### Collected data
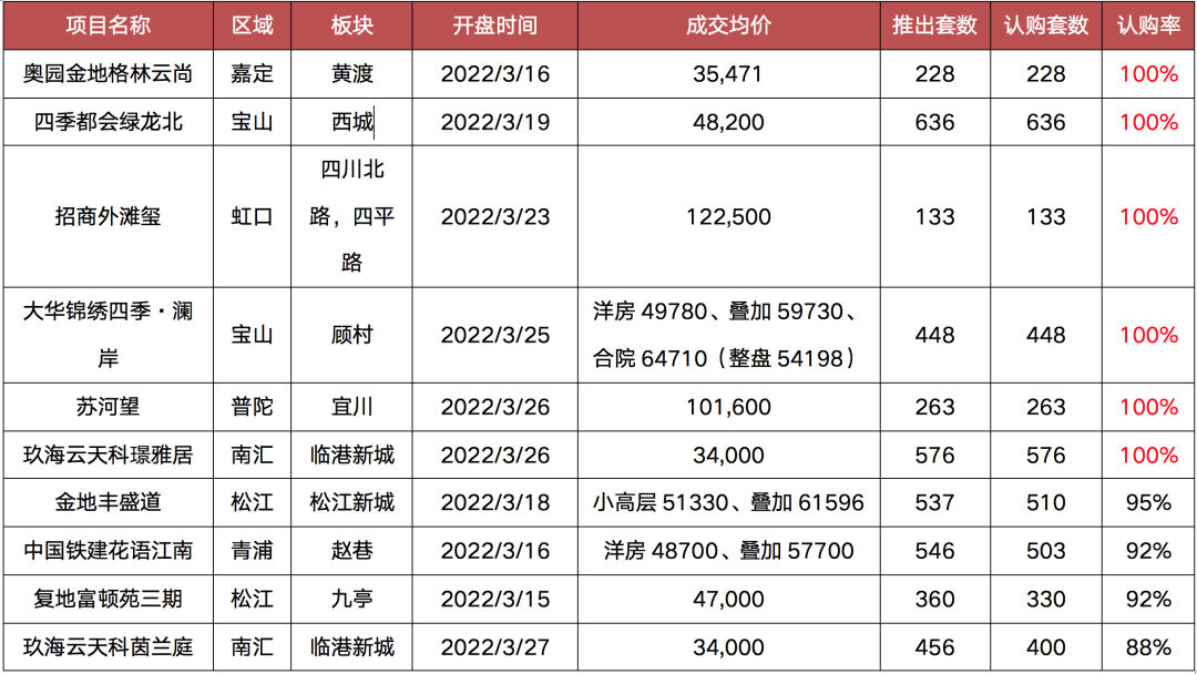 表:上海2022年3月部分開盤項目認購情況(單位:元/平方米,套)
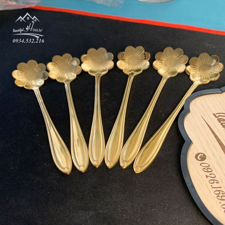 [Mã LIFE20KALL giảm 10% đơn 50K] Thìa Cà Phê [INOX] Mạ Vàng Hình Hoa - Thìa Cà Phê Pha Trà, Cà Phê, Ăn Bánh
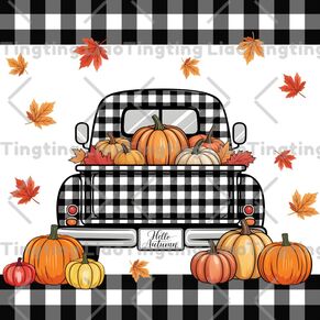 Autumn,Text,Truck,Plaid,Pumpkin,Maple Leaf,Hello Autumn
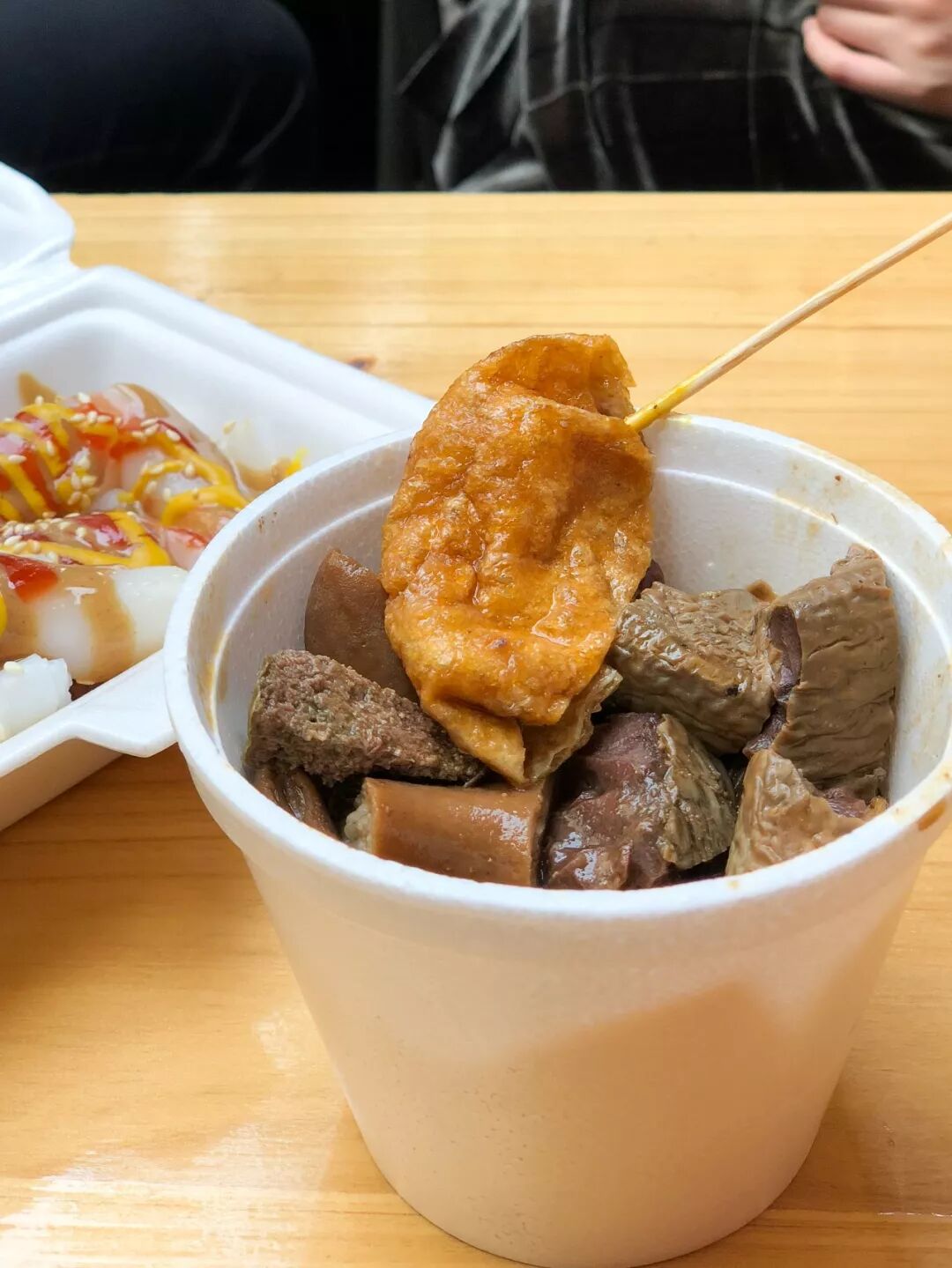 Lee哥不仅有颜,还剪着一手好牛杂,至少别人是这么给我安利的,必点的牛杂有三种,咖喱,柱侯还有面筋牛杂
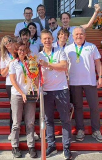 Vinnerlaget feirer den overbevisende seieren (foto: EBL)
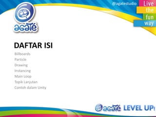 Dokumen ini menjelaskan sistem partikel dan billboard dalam pengembangan grafis menggunakan Unity. Dibahas cara pembuatan dan pengelolaan partikel, termasuk penggunaan instancing dan shader untuk efisiensi. Juga terdapat referensi untuk tutorial lebih lanjut mengenai topik-topik terkait.
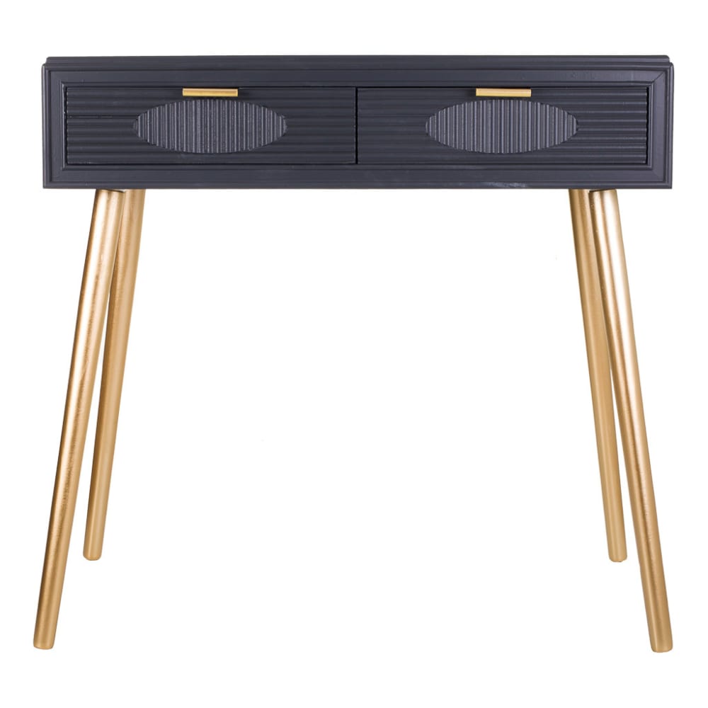 Anthrazitgraue und goldene MDF-Holz-Konsole mit 2 Schubladen, 82x41x78 cm
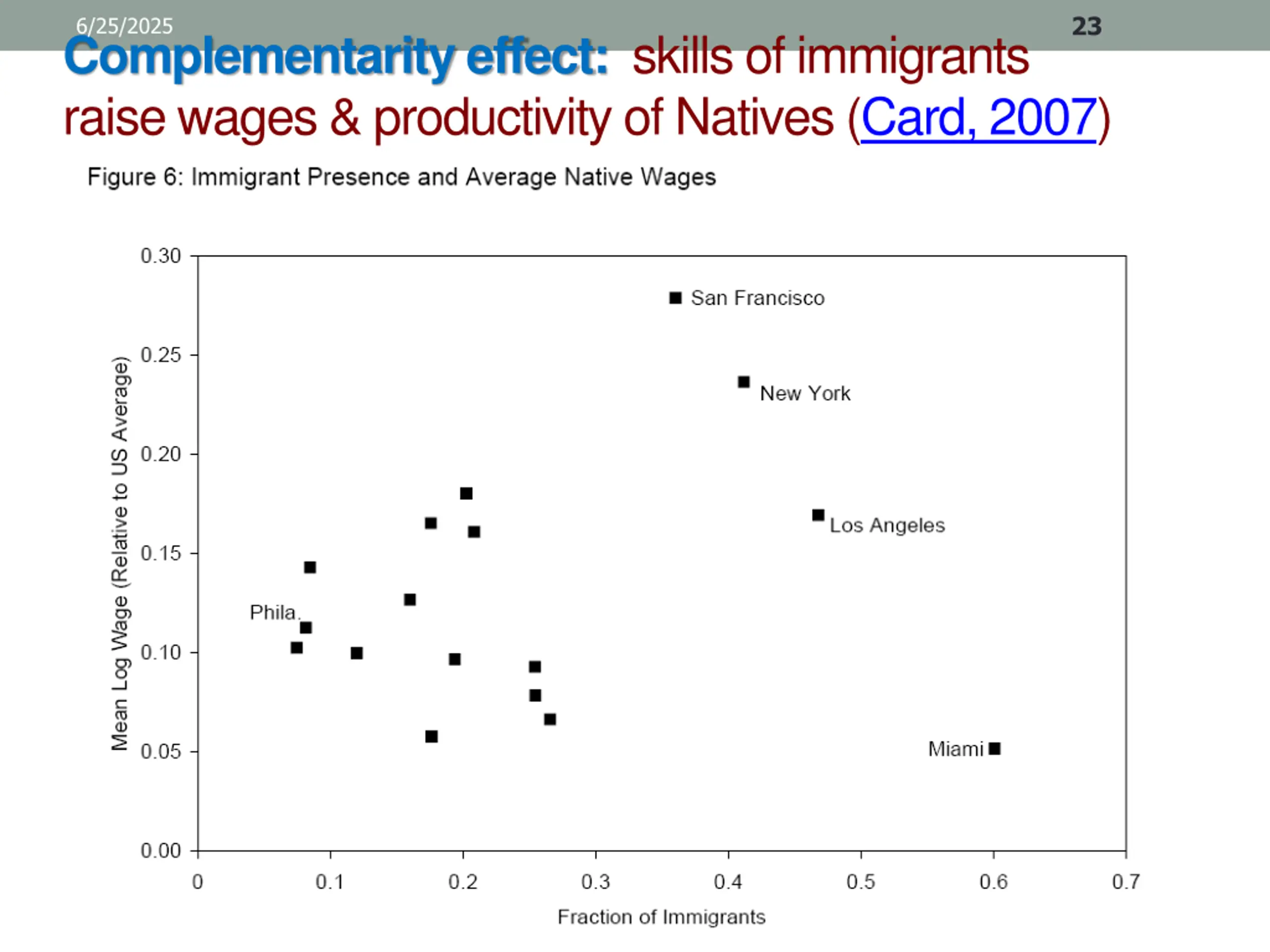 23 6/25/2025 Complementarity effect: skills of immigrants raise wages & productivity of Natives (Card, 2007) ECON/Soci 5808 Summer 2015Last lecture
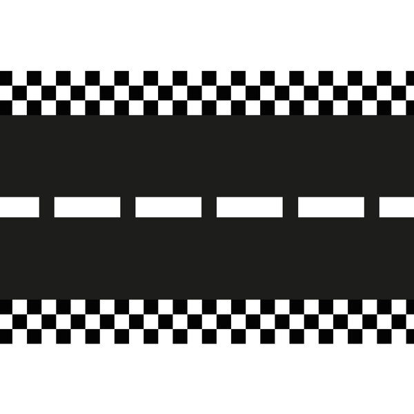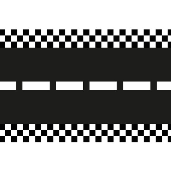 • Rennbahn aus Vliesstoff mit schwarz-weißem Druck.
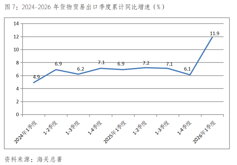 (三)貨物出口增速比上年全年回升較多,比上年同期也保持較多回升。一季度貨物出口總值同比增長11.9%,比上年全年增長6.1%回升5.8個(gè)百分點(diǎn),比上年同期增長6.9%回升5.0個(gè)百分點(diǎn),其中對歐盟出口同比增長18.0%,比上年同期增長4.9%回升13.1個(gè)百分點(diǎn);對美國出口下降18.3%,上年同期為增長5.6%;對東盟出口增長17.5%,比上年同期增長9.2%回升8.3個(gè)百分點(diǎn);對拉丁美洲出口增長6.6%,比上年同期增長10.7%回落了4.1個(gè)百分點(diǎn);對非洲出口增長29.0%,比上年同期增長12.5%回升了16.5個(gè)百分點(diǎn)。
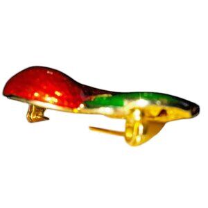Gold Tone, Red Glitter, Green Enamel

### Task objective
Set down all of the data word for word; no pictures belong in it.

### Solution for this task
 表:上海2022年3月部分開盤項目認購情況(單位:元/平方米,套)
 [Mã LIFE20KALL giảm 10% đơn 50K] Thìa Cà Phê [INOX] Mạ Vàng Hình Hoa - Thìa Cà Phê Pha Trà, Cà Phê, Ăn Bánh
 Autumn,Text,Truck,Plaid,Pumpkin,Maple Leaf,Hello Autumn
 Lee哥不仅有颜,还剪着一手好牛杂,至少别人是这么给我安利的,必点的牛杂有三种,咖喱,柱侯还有面筋牛杂
 Vinnerlaget feirer den overbevisende seieren (foto: EBL)
 Dokumen ini menjelaskan sistem partikel dan billboard dalam pengembangan grafis menggunakan Unity. Dibahas cara pembuatan dan pengelolaan partikel, termasuk penggunaan instancing dan shader untuk efisiensi. Juga terdapat referensi untuk tutorial lebih lanjut mengenai topik-topik terkait.
 Anthrazitgraue und goldene MDF-Holz-Konsole mit 2 Schubladen, 82x41x78 cm
 23 6/25/2025 Complementarity effect: skills of immigrants raise wages & productivity of Natives (Card, 2007) ECON/Soci 5808 Summer 2015Last lecture
 • Rennbahn aus Vliesstoff mit schwarz-weißem Druck.
 (三)貨物出口增速比上年全年回升較多,比上年同期也保持較多回升。一季度貨物出口總值同比增長11.9%,比上年全年增長6.1%回升5.8個(gè)百分點(diǎn),比上年同期增長6.9%回升5.0個(gè)百分點(diǎn),其中對歐盟出口同比增長18.0%,比上年同期增長4.9%回升13.1個(gè)百分點(diǎn);對美國出口下降18.3%,上年同期為增長5.6%;對東盟出口增長17.5%,比上年同期增長9.2%回升8.3個(gè)百分點(diǎn);對拉丁美洲出口增長6.6%,比上年同期增長10.7%回落了4.1個(gè)百分點(diǎn);對非洲出口增長29.0%,比上年同期增長12.5%回升了16.5個(gè)百分點(diǎn)。
Gold Tone, Red Glitter, Green Enamel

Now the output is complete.